Brasília - O ministro da Secretaria-Geral da Presidência, Miguel Rossetto, confirmou ontem que o governo federal criará uma mesa de negociação entre os caminhoneiros que fazem protestos no País e os empresários para "avançar na questão do preço do frete". A mesa vai agrupar sindicalistas dos caminhoneiros, empresários e ministros. "Nós estamos instalando amanhã (hoje) e coordenando uma mesa de negociações, de diálogo, entre empresários, representantes das lideranças dos caminhoneiros, às 14 horas, para que possamos, num ambiente de negociação direta, avançar na solução do preço do frete no nosso País", disse.
A decisão ocorreu após reunião entre ele, o titular do Ministério dos Transportes, Antônio Carlos Rodrigues, e o secretário-executivo do Ministério da Justiça, Marivaldo Pereira. No encontro, ficou acertado que o Palácio do Planalto colocaria uma nova fórmula de preço para o frete como carro-chefe da articulação para debelar o bloqueio de rodovias pelos caminhoneiros. "Nós estamos muito confiantes de que possamos voltar à normalidade e recuperar um ambiente positivo de diálogo e de solução de grande parte da pauta levantada pelos caminhoneiros do nosso País", disse.

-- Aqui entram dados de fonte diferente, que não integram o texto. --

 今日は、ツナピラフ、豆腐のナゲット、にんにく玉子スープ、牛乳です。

Rossetto também disse "sim, sim" ao ser questionado se a presidente Dilma Rousseff havia tratado do tema com empresários ontem. Ela manteve agenda com o presidente do Conselho de Administração do Grupo BRF, o empresário Abílio Diniz; o presidente da Fiat Chrysler Automobile para a América Latina, Cledorvino Belini; e se reúne ainda com o presidente da Câmara de Políticas de Gestão, Desempenho e Competitividade, do Conselho de Governo, Jorge Gerdau. O protesto dos caminhoneiros foi o tema central. "O governo tem mantido diálogo permanente com as lideranças dos caminhoneiros e as lideranças empresariais", disse.

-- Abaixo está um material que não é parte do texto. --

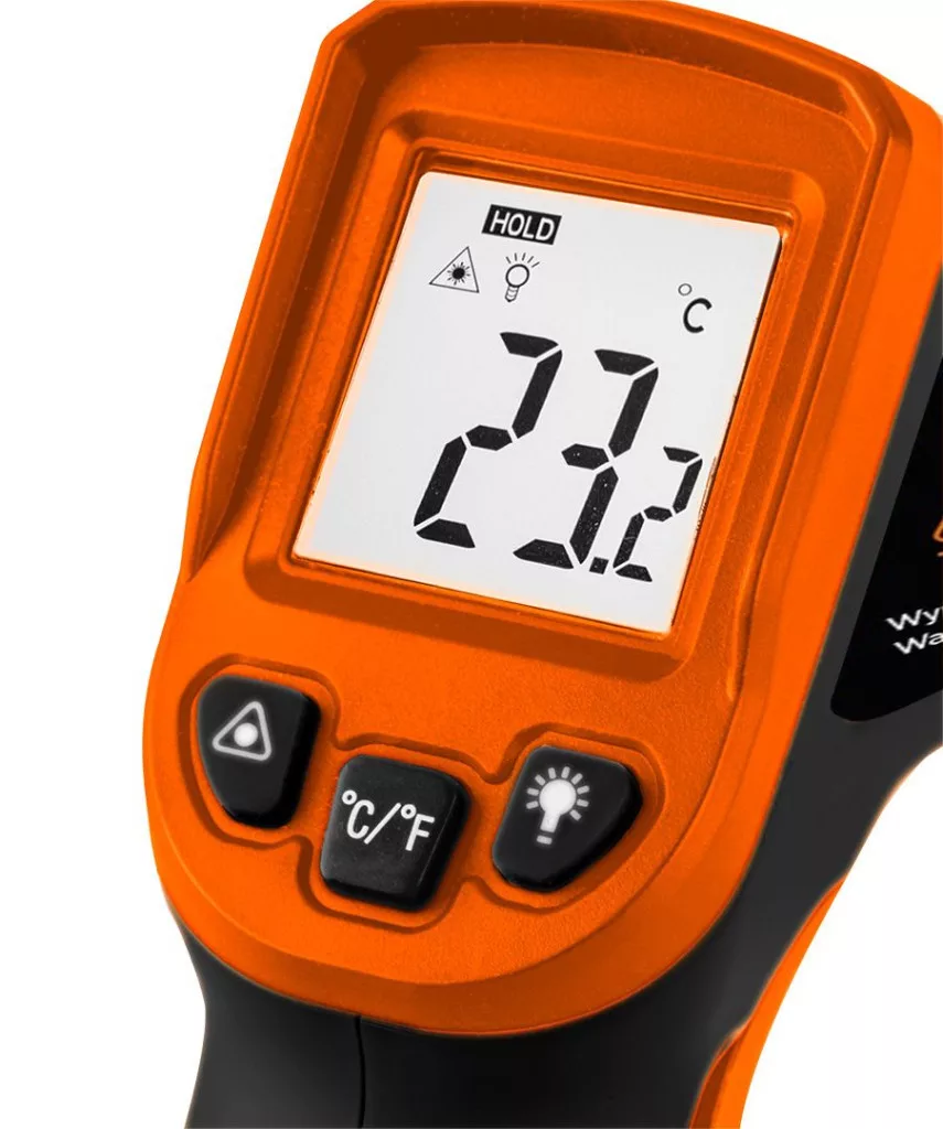 A NEO márkájú pirométer háttérvilágítással ellátott kijelzővel rendelkezik, és lehetővé teszi az érintés nélküli mérést. Celsius és Fahrenheit mértékegységek közül lehet választani. Két 1,5 V-os AA elemmel működik, amelyek a készlet részét képezik. Ez egy professzionális, szakembereknek ajánlott készülék. Nem orvosi eszköz.

Segundo o ministro, o governo busca preservar o abastecimento para evitar prejuízo à já combalida economia em meio aos protestos. "O governo tem tomado todas as medidas para evitar a obstrução das nossas rodovias, garantindo assim o abastecimento da sociedade brasileira e evitando prejuízos a nossa economia. Ao mesmo tempo, o governo tem estimulado uma negociação direta entre empresários e lideranças dos caminhoneiros para resolver a questão do preço do custo do frete, que afinal é o tema central dessas manifestações.
O governo não pretende atender um dos principais itens da pauta de reivindicações dos caminhoneiros: a redução do preço do diesel. Os trabalhadores bloqueiam rodovias em todo o País em protesto à decisão do Palácio do Planalto de ampliar a tributação incidente sobre combustíveis (Pis/Cofins e Cide). A alta no preço do diesel, de R$ 0,15 por litro, deve reforçar o caixa com R$ 12,18 bilhões em 2015. "Não está na pauta do governo a redução do preço do diesel neste momento", afirmou Rossetto.

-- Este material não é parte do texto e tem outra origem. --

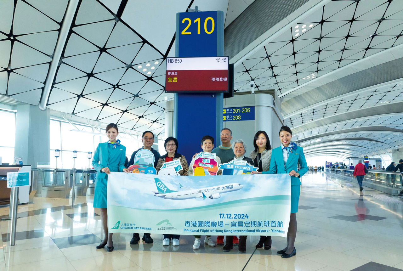 (2024年12月17日)大灣區航空的湖北省宜昌市定期航班今天正式投入服務,進一步開拓其內地飛行網絡;該公司早前剛推出了舟山及黃山航線。今午乘客登機出發前,大灣區航空行政總裁吳秀蘭女士親臨香港國際機場送行。此新航線每星期提供3班直航航班(逢星期二、四、日),旅客現在前往長江三峽等著名景點遊覽,倍感方便。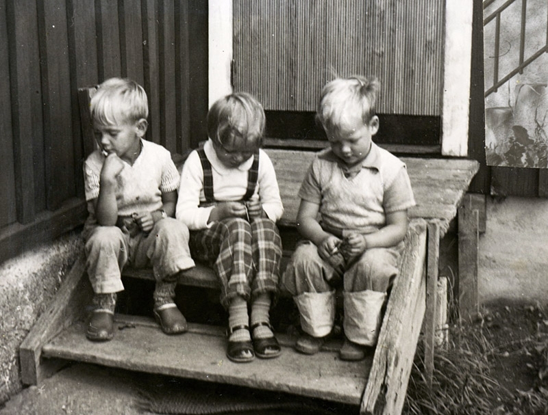 Kusinerna sitter på trappan till det gamla huset, Vommedal Östergård 2:90 "Olas" Streteredsvägen 21 cirka 1953-54.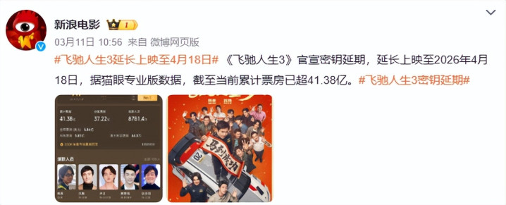 看得出来,片方也充满规画,为了更好的冲刺票房,《驰骋东说念主生3》也曾官宣将密钥脱期至本年4月18日,赫然是准备要济河焚州了!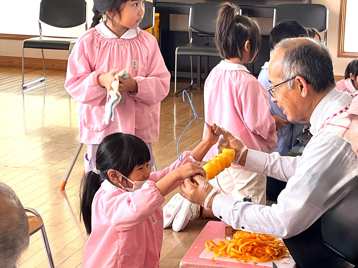 幼稚園児が収穫した渋柿を使った干し柿作りが10月30日、マリアンハウス幼稚園(八戸市是川)で行われた。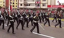 The historical segment leads the marchpast in quick time of the Peruvian Armed Forces (in several occasions several units marched in double time on the parade). In recent years however foreign contingents have led the parade together with reserve and indigenous military units and alumni from the Leoncio Prado Military Academy.

O pedido dos caminhoneiros para renegociar dívidas de financiamento de caminhões será debatido na reunião de hoje, que acontecerá no Ministério dos Transportes. "O BNDES já está analisando essa reivindicação de prorrogação desses financiamentos para os caminhões", indicou.

Desbloqueio

Ontem, a Justiça Federal no Rio Grande do Sul e em Minas Gerais determinou de rodovias paralisadas pelo protesto de caminhoneiros. A decisão é a primeira a atender pedido da Advocacia-Geral da União (AGU), que na noite de segunda-feira ajuizou ações em sete Estados, incluindo o Paraná, para solicitar a liberação das rodovias federais. Na decisão da Justiça do Rio Grande do Sul foi fixada multa de R$ 5 mil por hora de permanência não autorizada dos manifestantes nas pistas, além da aplicação de sanção prevista no Código de Trânsito Brasileiro, que estabelece como infração gravíssima a promoção de eventos organizados sem permissão da autoridade de trânsito.
Foi autorizado, se necessário, o uso de força policial para desocupar as rodovias. "Autorizo, desde logo, que seja acionada a Força de Segurança Nacional, pelo Oficial de Justiça, AGU ou pela PRF, se houver estrita necessidade", decidiu a juíza federal Dulce Helena Dias Brasil.